Postural Control in Children with Cerebellar Ataxia

Veronica Farinelli,Nardo Nardocci,Camilla Mirella Maria Strano,Silvia Maria Marchese,Stefano D’Arrigo,Anna Ardissone,Roberto Esposti,Paolo Cavallari,Chiara Pantaleoni,Chiara Palmisano

doi:10.3390/app10051606

Abstract

Controlling posture, i.e., governing the ensemble of involuntary muscular activities that manage body equilibrium, represents a demanding function in which the cerebellum plays a key role. Postural activities are particularly important during gait initiation when passing from quiet standing to locomotion. Indeed, several studies used such motor task for evaluating pathological conditions, including cerebellar disorders. The linkage between cerebellum maturation and the development of postural control has received less attention. Therefore, we evaluated postural control during quiet standing and gait initiation in children affected by a slow progressive generalized cerebellar atrophy (SlowP) or non-progressive vermian hypoplasia (Joubert syndrome, NonP), compared to that of healthy children (H). Despite the similar clinical evaluation of motor impairments in NonP and SlowP, only SlowP showed a less stable quiet standing and a shorter and slower first step than H. Moreover, a descriptive analysis of lower limb and back muscle activities suggested a more severe timing disruption in SlowP. Such differences might stem from the extent of cerebellar damage. However, literature reports that during childhood, neural plasticity of intact brain areas could compensate for cerebellar agenesis. We thus proposed that the difference might stem from disease progression, which contrasts the consolidation of compensatory strategies.

Highlights

Postural adjustments are involuntary muscular activities that accompany the voluntary movement.These activities spread over adjacent muscles and create “chains” that reach the available support points
Very little attention has been given to the linkage between the development of postural control and the maturation of such neural structure. Aiming to elucidate this topic, we explored quiet stance and gait initiation in children affected by Pediatric Cerebellar Ataxia (PCA), used as a model of cerebellar dysfunction vs. a healthy control group of comparable age
It has been observed that the compensatory role of the cerebellum contributes to preventing the full manifestation of the typical motor symptoms during the initial stage of Parkinson’s disease (PD); this compensatory ability saturates with time, leading these patients to develop cerebellar symptoms too [58]. These pieces of evidence allow arguing that, reciprocally, intact basal ganglia may compensate for cerebellar deficits. This hypothesis is still to be demonstrated, but should it be proved, it would provide a straightforward explanation for the graded postural impairments we found in children affected by PCA, as well as for the worse impairments reported in adult patients with cerebellar ataxia [46]

Summary

Introduction

Postural adjustments are involuntary muscular activities that accompany the voluntary movement.

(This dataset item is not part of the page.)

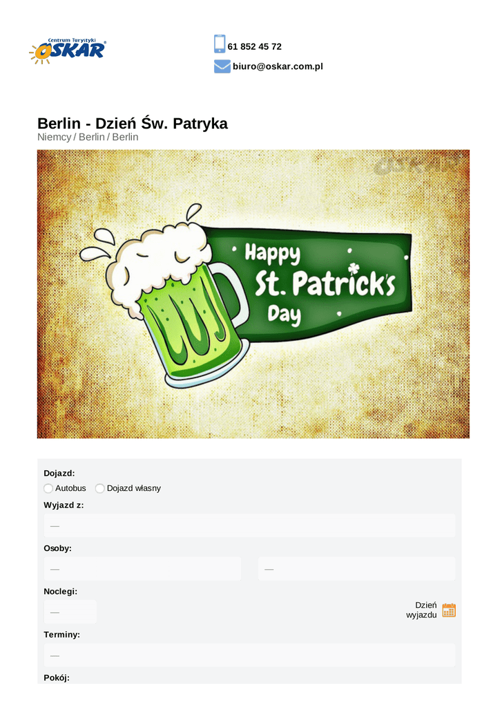 61 852 45 72 [email protected] Berlin - Dzień Św. Patryka Niemcy / Berlin / Berlin Dojazd: Autobus Dojazd własny Wyjazd z: Osoby: Noclegi: Dzień wyjazdu Terminy: Pokój: Wyżywienie: Najtańsza oferta First Minute cena promocyjna cena katalogowa do 5 marca 2017: 58,20 zł do 5 marca 2017: 58,20 zł do 5 marca 2017: 70,20 zł do 5 marca 2017: 135,80 zł do 5 marca 2017: 135,80 zł do 5 marca 2017: 163,80 zł Suma:194,00 Suma: zł 194,00 zł Suma: 234,00 zł Opis oferty Miejscowość Dzień św. Patryka w Berlinie DzieńOpinie Świętego Patryka to irlandzkie święto narodowe, obchodzone na cześć pierwszego chrześcijańskiego misjonarza z Irlandii. Shamrock, czyli trójlistna koniczyna to główny symbol tego święta. Według legendy o św. Patryku, misjonarz wykorzystał ją aby wytłumaczyć pierwszym irlandzkim Rozkład jazdydogmat o Trójcy Świętej. Początkowo Dzień Świętego Patryka był świętem kościelnym, ale chrześcijanom z czasem zaczął być znany na całym świecie. 17 marca to dzień, któremu towarzyszy parada przebranych w tradycyjne irlandzkie stroje oraz tłumy przebranych na zielono świętujących ludzi. W ten dzień wiele irlandzkich pubów w Berlinie organizuje muzykę na żywo oraz pokazy tańców, przy których można spożywać irlandzkie trunki, zwłaszcza „zielone piwo”. Zakwaterowanie Oferta nie obejmuje zakwaterowania. Karta Dużej Rodziny www.oskar.com.pl/zalaczniki/karta_duzej_rodziny DWUpak i TRZYpak DWUpak z rabatem do 25% na osobe TRZYpak z rabatem do 50% na osobe Promocja obowiązuje przy zakupie 2 lub 3 spośród typów ofert: Karnawał w Wenecji, Wyspa Tropikalna, Legoland, Heide Park, Alzacja: Strasburg + Colmar, Festiwal Tulipanów i Amsterdam, Parada Kwiatów, Hamburg + Kraina M iniatur, Kopenhaga + Ogrody Tivoli, Salzburg i Hallstatt, Wodospad Rheinfall i Wyspa M ainau. Rabat naliczany jest od ceny podstawowej i dotyczy najtańszej spośród wybranych ofert. Istnieje możliwość dowolnej kombinacji rezerwacji wyjazdów przy zalożeniu, że dane osobowe uczestników nie ulegają zmianie. Ubezpieczenie Warunki ubezpieczenia Bezpieczne Podróże Signal Iduna dokument do pobrania www.oskar.com.pl/zalaczniki/owu Warunki ubezpieczenia Kosztów Imprezy Turystycznej Signal Iduna dokument do pobrania www.oskar.com.pl/zalaczniki/owurg Turystyczny Fundusz Gwarancyjny W związku z powołaniem do życia w dniu 26.11.2016 Turystycznego Funduszu Gwarancyjnego każdy klient Biura Podróży Oskar zobowiązany jest do zapłaty kwoty w wysokości 10zł/os. przy każdorazowej rezerwacji imprezy turystycznej (obowiązuje od dnia 26.11.2016). Kwota przeznaczona na Turystyczny Fundusz Gwarancyjny zostanie automatycznie doliczona do wartości rezerwacji (w momencie jej dokonania). Wyjątkiem są imprezy turystyczne odbywające się w krajach posiadających granicę z Rzeczpospolitą Polską. Składka nie jest przychodem biura. Udogodnienia Klimatyzacja Regulowane fotele Tacki GPS Zawodowy kierowca Pasy bezpieczeństwa Toaleta w autokarze Podnóżki City breaks Wi-Fi Centrum rozrywek Blisko centrum Życie nocne Bez paszportu Tour guide Program ramowy Dzień 1 (17.03.2017) Wyjazd z poszczególnych miast zgodnie z rozkładem jazdy autokaru. Przyjazd do Berlina. Zwiedzanie rozpoczynamy od wizyty na Placu Poczdamskim - jednym z największych i najruchliwszych placów w centralnym Berlinie z charakterystyczną monolityczną konstrukcją o elewacji ze szkła i stali budynku Sony Center. Autokarem przejedziemy koło Checkpoint Charlie - jednego z najbardziej znanych przejść granicznych w okresie zimnej wojny pomiędzy NRD i Berlinem Zachodnim oraz zobaczymy fragmenty muru berlińskiego i odwiedzimy centralny punkt miasta - Alexanderplatz z charakterystyczną wieżą telewizyjną. Podczas spaceru z pilotem zobaczymy m.in. Kościół Mariacki, Wyspę Muzeów, Katedrę oraz osobliwości ulicy Unter den Linden - pomnik Fryderyka Wielkiego, Staatsoper, Neue Wache, Uniwersytet Humboldta, Bebelplatz, Opernpalais, ambasady Francji oraz Federacji Rosyjskiej, hotel Adlon oraz Bramę Brandenburską. Następnie zobaczymy pomnik ofiar Holocaustu, Reichstag oraz Siegessäule w parku Tiergarten. Po zakończeniu zwiedzania czas wolny na indywidualny udział w zabawach związanych z dniem Św. Partryka oraz zakupy w Primark. Wyjazd w drogrę powrotną ok. godz. 23. Dzień 2 (18.03.2017) Powrót do poszczególnych miast w godzinach nocnych/porannych. Cena obejmuje transport autokarem klasy LUX (klimatyzacja, barek, WC, DVD) ubezpieczenie KL i NNW opiekę pilota Cena nie obejmuje Informacje dodatkowe program ramowy obejmuje zwiedzanie obiektów z zewnątrz; zwiedzanie wewnątrz oraz udział w dodatkowych wydarzeniach w indywidualnym zakresie w trakcie czasu wolnego program wyjazdu jest ramowy i może ulec zmianie dokumenty - paszport lub dowód osobisty zaleca się wyrobienie karty EKUZ Chcesz wiedzieć szybciej? Polub nas na facebooku OSKAR Sp. z o.o. pl.Wolności 2/4c, 61-738 Poznań Potrzebujesz pomocy? Zadzwoń lub napisz: 61 852 45 72 [email protected] Zadzwoń Projekt i wdrożenie: Simply User

These activities spread over adjacent muscles and create “chains” that reach the available support points (in many cases, the ground). Such chains allow fine-tuning the body equilibrium, in order to adapt it to the mechanical needs of the ensuing movement. When flexing both arms at the shoulder, postural actions develop in a dorsal muscle chain, including Erector Spinae (ES), Biceps. Instead, when rising on tiptoes, involuntary bursts of activity develop in Tibialis Anterior (TA) muscles, so as.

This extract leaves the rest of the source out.